И, наконец, доктрина, принадлежащая Варрону, о чем сообщает с полной определенностью сам Тертуллиан (см. «К язычникам», II 9, 3: «Варрон разделяет на три категории богов Рима — на несомненных, на не несомненных и на избранных»), учит о наличии разрядов языческих «богов». Здесь можно уловить отголоски учения Евгемера, которое, будучи весьма ограниченно распространено во времена античности, обрело, напротив, широкое признание у христианских писателей и, особенно, у апологетов, в силу того что оно оказывалось им полезным из–за своей полемической направленности против традиционной религии (см. «К язычникам», II 16, 5; «Апологетик», 2,6 и сл.).
5. Учение о Троице
Желая сформулировать тринитарный догмат, раннее христианство было вынуждено прибегать к ресурсам философии еще в большей степени, чем оно делало это, стремясь дать определение понятию «единого Бога», так как Новый Завет предоставлял очень скупой материал для разработки тринитарной проблематики. Споры с иудаизмом, а также с гностицизмом с неизбежностью подтолкнули христиан к тому, чтобы дать определение совершенно особой природы своего Бога, религиозное поклонение которому должно воздаваться в Отце, в Сыне и в Духе Святом. Итак, наряду с соответствующим учением, должна была вырабатываться и новая терминология: назидательным примером тому может служить трактат Тертуллиана «Против Праксея», в котором засвидетельствовано, каким образом христианство давало ответ на новые требования — как в сфере мысли, так и в сфере терминологии.

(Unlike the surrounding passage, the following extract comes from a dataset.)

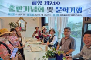 제주 혜향문학회(회장 김호성)는 최근 붉은오름 자연휴양림에서 ‘혜향문학 제24호 출판기념회 및 문학기행’을 진행했다.이번 행사에서 회원들은 세미나실에서 혜향문학 제24호에 수록된 작품을 낭송하는 시간을 가진 뒤 붉은오름에서 트레킹 및 창작활동을 펼쳤다.김호성 회장은 “이번 행사가 회원들의 창작활도엥 영감이 됐길 바란다”며 “혜향문학회는 앞으로도 제주 문학 발전을 위한 다양한 행사를 추진해 나가겠다”고 말했다.한편 혜향문학 24호에는 회원들이 창작한 수필과 시 등 다양한 작품이 수록됐다. 또 평론과 특별기고 등 혜향문학회의 발걸음을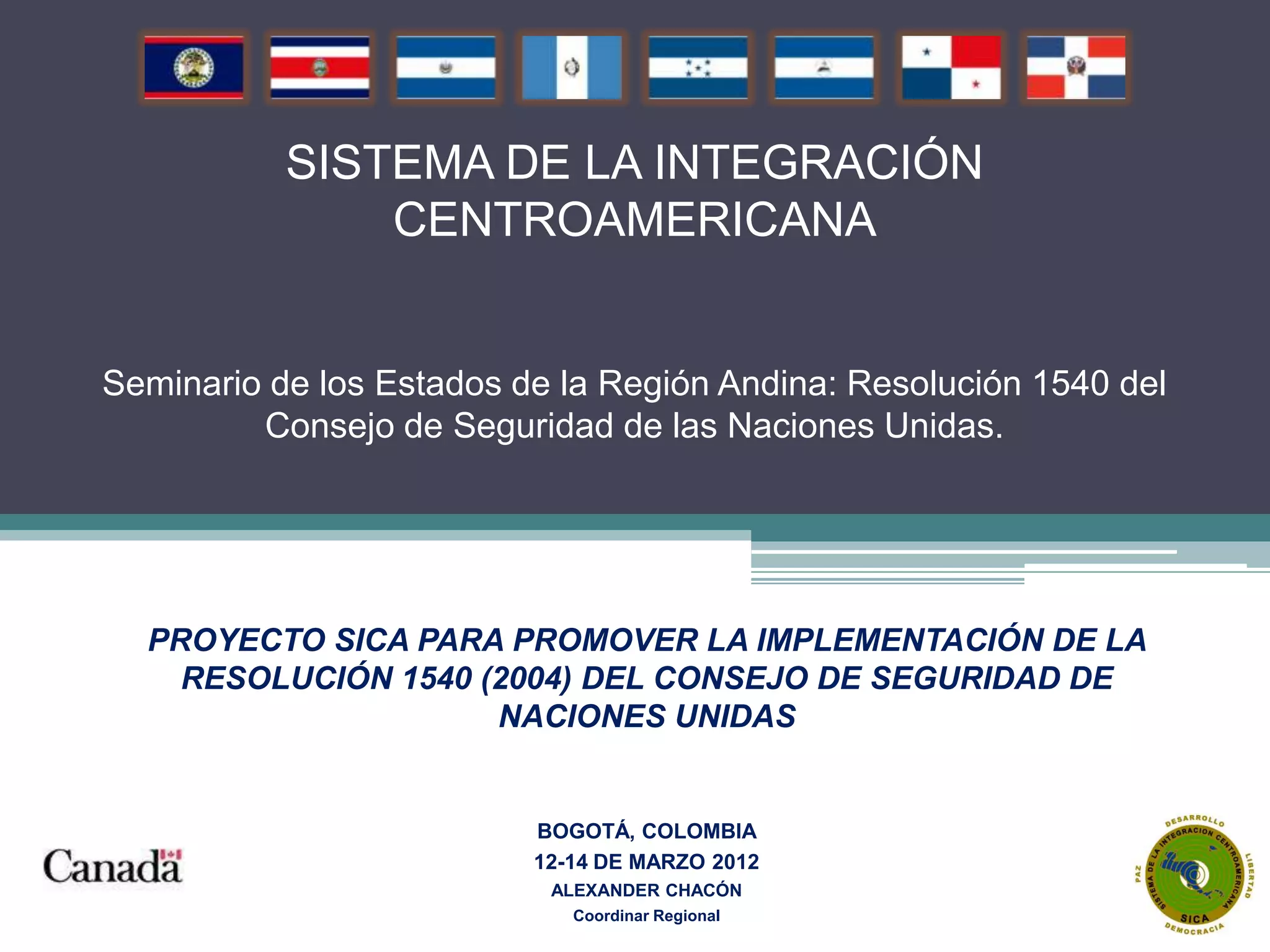 El documento describe un proyecto del Sistema de Integración Centroamericana (SICA) para promover la implementación de la Resolución 1540 (2004) del Consejo de Seguridad de la ONU entre los estados miembros. El proyecto busca establecer canales de comunicación con actores clave, identificar necesidades nacionales, y fomentar la armonización legislativa para cumplir con la resolución. El objetivo final es la conformación de comisiones interinstitucionales en cada país para coordinar esfuerzos regionales contra la

Тертуллиан стал «творцом» латинского тринитарного богословия, которое мы можем кратко выразить посредством формулы: «одна субстанция в трех Лицах». Эта формула была очерчена им с предельной точностью и осталась незыблемой для всей западной патристики. Такие масштабные мыслители, как Иларий Пиктавийский и Августин, перерабатывали и модифицировали доктрину Тертуллиана на основе своих личных концепций и современных им восточных богословских систем, но знаменательным представляется прежде всего то, что западное тринитарное богословие оставалось — во всяком случае, до середины IV в. — в том виде, в каком его сформулировал Тертуллиан, а сама формула «одна субстанция в трех Лицах» использовалась и в дальнейшем. А поскольку эта формула базируется на не наблюдавшемся ранее употреблении специфической терминологии философского происхождения, нам будет необходимо задержаться на рассмотрении терминов substantia и persona.